WORK TO COMPLETE: Down to the last line, repeat the entries exactly and drop any image.

[Data excerpts]
▽
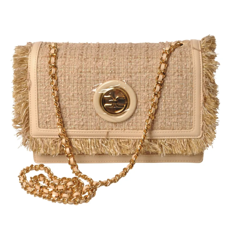 Elisabetta Franchi – Bag with ChainĀ in FabricĀ – Champagne – Bag – Made in Italy – Luxury Exclusive CollectionĀ
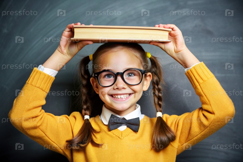 Красивая девушка с очками и книгами на голове. Ребенок впервые идет в школу. Ребёнок в классе со доской на заднем плане. Возвращение к школе
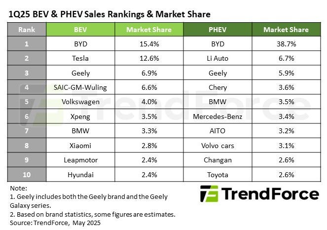 Tesla also faces some challenges. And it is also losing share. China’s BYD maintained its lead over Tesla in EV sales during 1Q25, claiming the top spot with a 15.4% market share, while Tesla followed with 12.6%, according to TrendForce (See chart below).
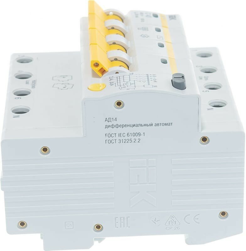 Выключатель автом. дифф. тока IEK АД14 MAD10-4-025-C-030 25A тип C 4.5kA 30мА AC 4П 230/400В 5мод бе
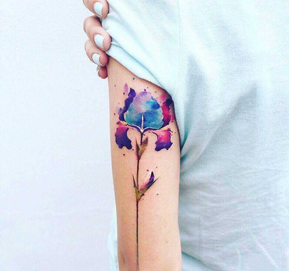 Смелые модницы выбирают цветные эскизы. Иногда ими маскируют шрамы от травм. Цветное изображение на женской руке смотрится красиво, передает индивидуальность личности. В нем используются все доступные оттенки в плотной раскраске или в плавном переходе от одного тона к другому.
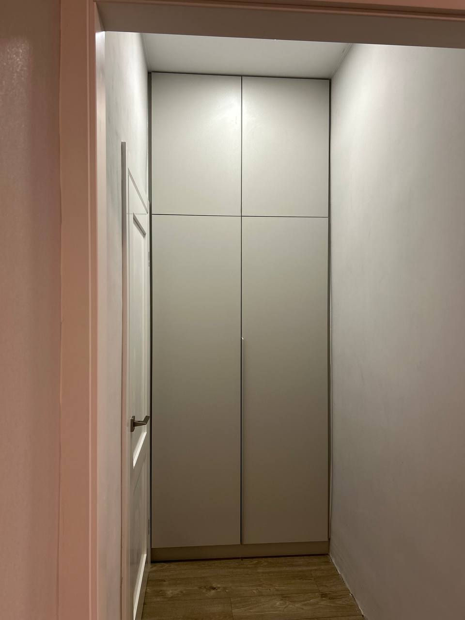 Заказывали встроенный шкаф-купе от стены до стены. Боялись, что будут щели и неровности. Но мастера молодцы! Подогнали все идеально, получился монолитный и стильный элемент комнаты. Использовали каждый сантиметр пространства.
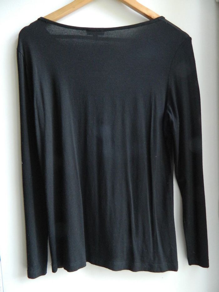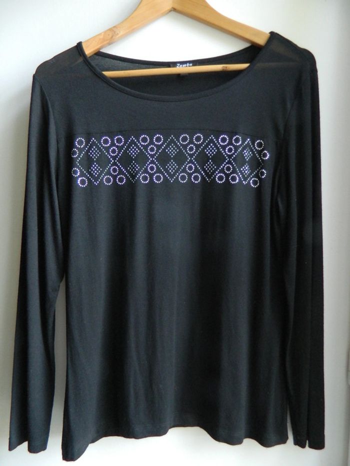 T shirt manches longues T 3 Marque" Zamba" Noir uni avec strass devant Bi matière (Une bande de résille juste au dessus des strass) En viscose et élasthanne Extensible Agréable à porté Très bon état Envoie sous 48 h
△
EXERCISE OUTPUT:
 Elisabetta Franchi – Bag with ChainĀ in FabricĀ – Champagne – Bag – Made in Italy – Luxury Exclusive CollectionĀ
 Красивая девушка с очками и книгами на голове. Ребенок впервые идет в школу. Ребёнок в классе со доской на заднем плане. Возвращение к школе
 Tesla also faces some challenges. And it is also losing share. China’s BYD maintained its lead over Tesla in EV sales during 1Q25, claiming the top spot with a 15.4% market share, while Tesla followed with 12.6%, according to TrendForce (See chart below).
 Выключатель автом. дифф. тока IEK АД14 MAD10-4-025-C-030 25A тип C 4.5kA 30мА AC 4П 230/400В 5мод бе
 Смелые модницы выбирают цветные эскизы. Иногда ими маскируют шрамы от травм. Цветное изображение на женской руке смотрится красиво, передает индивидуальность личности. В нем используются все доступные оттенки в плотной раскраске или в плавном переходе от одного тона к другому.
 Заказывали встроенный шкаф-купе от стены до стены. Боялись, что будут щели и неровности. Но мастера молодцы! Подогнали все идеально, получился монолитный и стильный элемент комнаты. Использовали каждый сантиметр пространства.
 T shirt manches longues T 3 Marque" Zamba" Noir uni avec strass devant Bi matière (Une bande de résille juste au dessus des strass) En viscose et élasthanne Extensible Agréable à porté Très bon état Envoie sous 48 h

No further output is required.